··· Source material ···

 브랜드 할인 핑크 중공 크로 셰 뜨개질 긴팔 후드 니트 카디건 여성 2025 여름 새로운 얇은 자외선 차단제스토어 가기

···
··· Source material ···

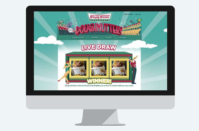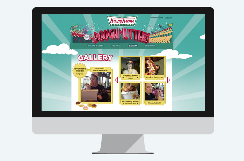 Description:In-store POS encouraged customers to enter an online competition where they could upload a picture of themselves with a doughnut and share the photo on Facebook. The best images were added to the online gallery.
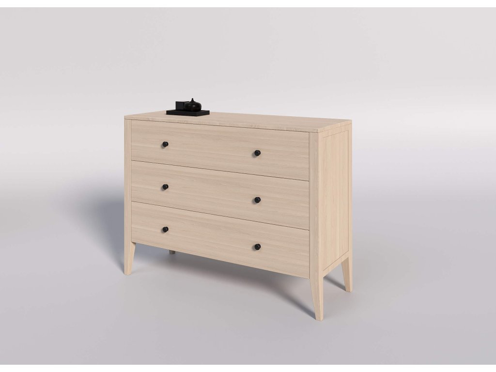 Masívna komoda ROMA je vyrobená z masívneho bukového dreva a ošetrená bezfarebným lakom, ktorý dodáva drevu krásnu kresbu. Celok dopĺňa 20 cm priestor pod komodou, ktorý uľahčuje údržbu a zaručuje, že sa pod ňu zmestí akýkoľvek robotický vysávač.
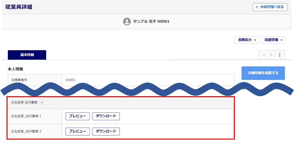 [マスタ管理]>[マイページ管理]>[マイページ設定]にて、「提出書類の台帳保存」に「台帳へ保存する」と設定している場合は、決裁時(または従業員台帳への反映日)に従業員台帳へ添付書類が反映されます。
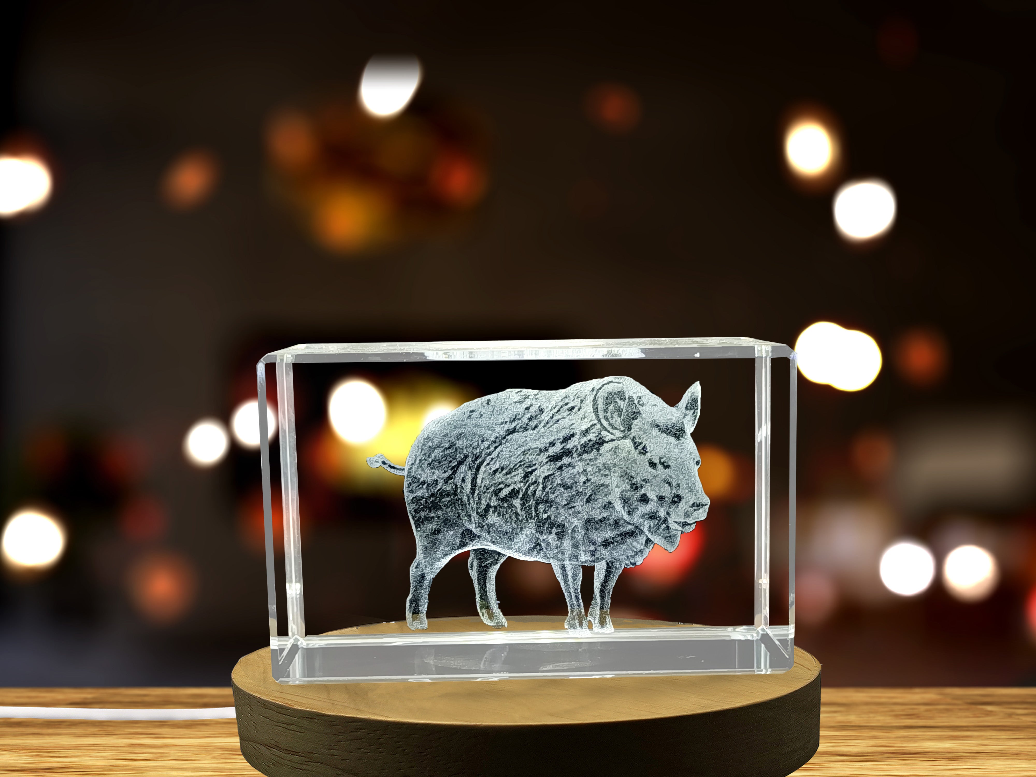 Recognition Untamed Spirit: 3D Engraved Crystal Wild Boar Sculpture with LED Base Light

···
··· Source material ···

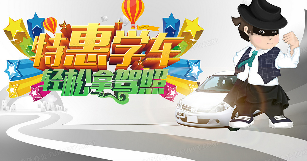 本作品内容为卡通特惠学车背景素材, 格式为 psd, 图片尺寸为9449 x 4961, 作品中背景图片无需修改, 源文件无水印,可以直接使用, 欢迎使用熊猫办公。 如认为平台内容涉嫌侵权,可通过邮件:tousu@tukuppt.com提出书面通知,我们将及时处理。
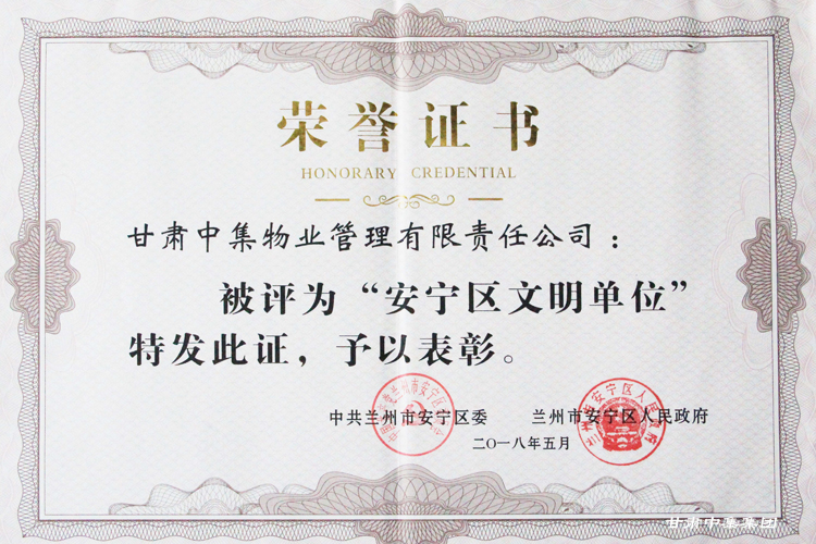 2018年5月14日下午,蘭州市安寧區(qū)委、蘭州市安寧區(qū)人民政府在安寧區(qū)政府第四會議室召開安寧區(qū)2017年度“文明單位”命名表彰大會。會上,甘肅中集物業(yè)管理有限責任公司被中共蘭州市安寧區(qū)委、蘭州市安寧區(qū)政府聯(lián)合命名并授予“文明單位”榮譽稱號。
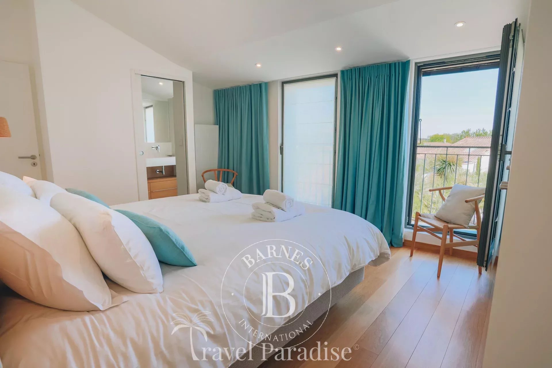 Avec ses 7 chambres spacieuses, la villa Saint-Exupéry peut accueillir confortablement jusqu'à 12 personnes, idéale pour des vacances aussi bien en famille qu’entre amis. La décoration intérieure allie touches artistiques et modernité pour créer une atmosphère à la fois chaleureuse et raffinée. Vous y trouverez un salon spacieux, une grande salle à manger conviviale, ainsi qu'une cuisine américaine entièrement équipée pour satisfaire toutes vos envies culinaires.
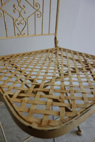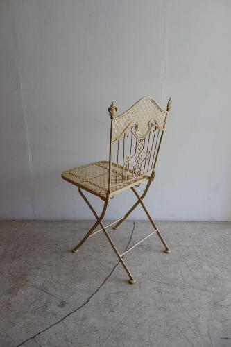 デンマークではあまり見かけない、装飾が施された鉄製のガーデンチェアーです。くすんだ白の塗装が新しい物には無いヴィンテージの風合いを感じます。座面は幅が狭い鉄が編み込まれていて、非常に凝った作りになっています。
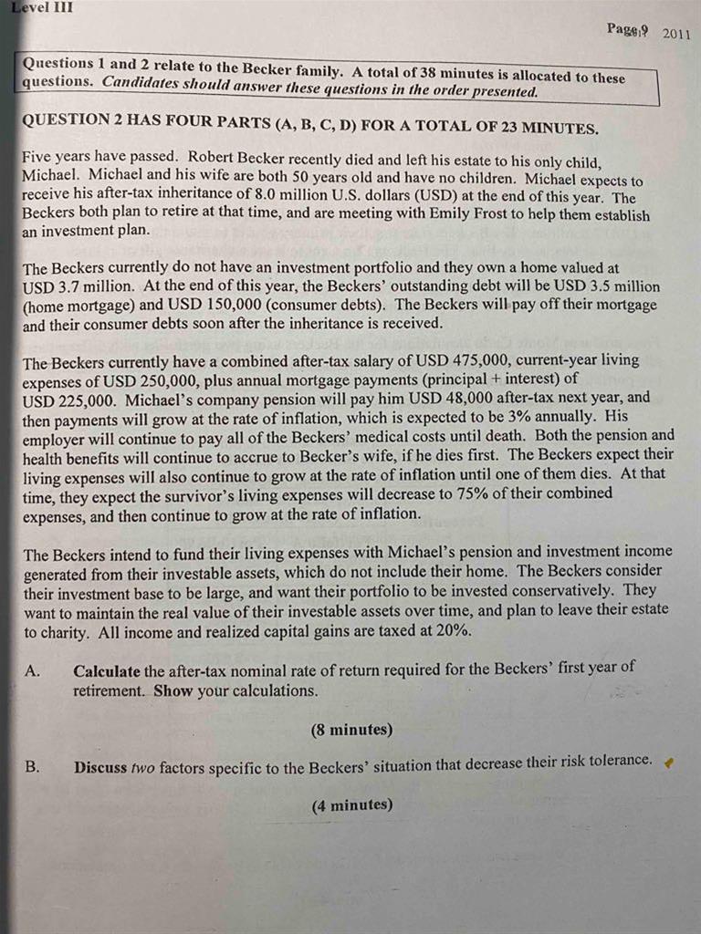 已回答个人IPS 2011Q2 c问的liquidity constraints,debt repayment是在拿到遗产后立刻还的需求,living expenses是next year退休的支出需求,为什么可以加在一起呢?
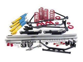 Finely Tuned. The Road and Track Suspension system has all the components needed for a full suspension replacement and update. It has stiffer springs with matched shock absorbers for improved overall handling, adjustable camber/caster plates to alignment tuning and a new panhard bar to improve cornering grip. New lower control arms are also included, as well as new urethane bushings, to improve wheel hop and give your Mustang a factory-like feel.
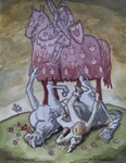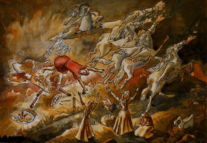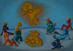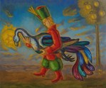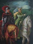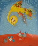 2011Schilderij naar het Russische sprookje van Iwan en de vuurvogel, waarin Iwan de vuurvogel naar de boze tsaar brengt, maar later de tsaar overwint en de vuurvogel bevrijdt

···

Output exactly the lines above, beginning at the one with "デンマークではあまり見かけな" and stopping after the one with "2011Schilderij naar het". Pictures are to be omitted.

## Answer space
 デンマークではあまり見かけない、装飾が施された鉄製のガーデンチェアーです。くすんだ白の塗装が新しい物には無いヴィンテージの風合いを感じます。座面は幅が狭い鉄が編み込まれていて、非常に凝った作りになっています。
 已回答个人IPS 2011Q2 c问的liquidity constraints,debt repayment是在拿到遗产后立刻还的需求,living expenses是next year退休的支出需求,为什么可以加在一起呢?
 Finely Tuned. The Road and Track Suspension system has all the components needed for a full suspension replacement and update. It has stiffer springs with matched shock absorbers for improved overall handling, adjustable camber/caster plates to alignment tuning and a new panhard bar to improve cornering grip. New lower control arms are also included, as well as new urethane bushings, to improve wheel hop and give your Mustang a factory-like feel.
 2011Schilderij naar het Russische sprookje van Iwan en de vuurvogel, waarin Iwan de vuurvogel naar de boze tsaar brengt, maar later de tsaar overwint en de vuurvogel bevrijdt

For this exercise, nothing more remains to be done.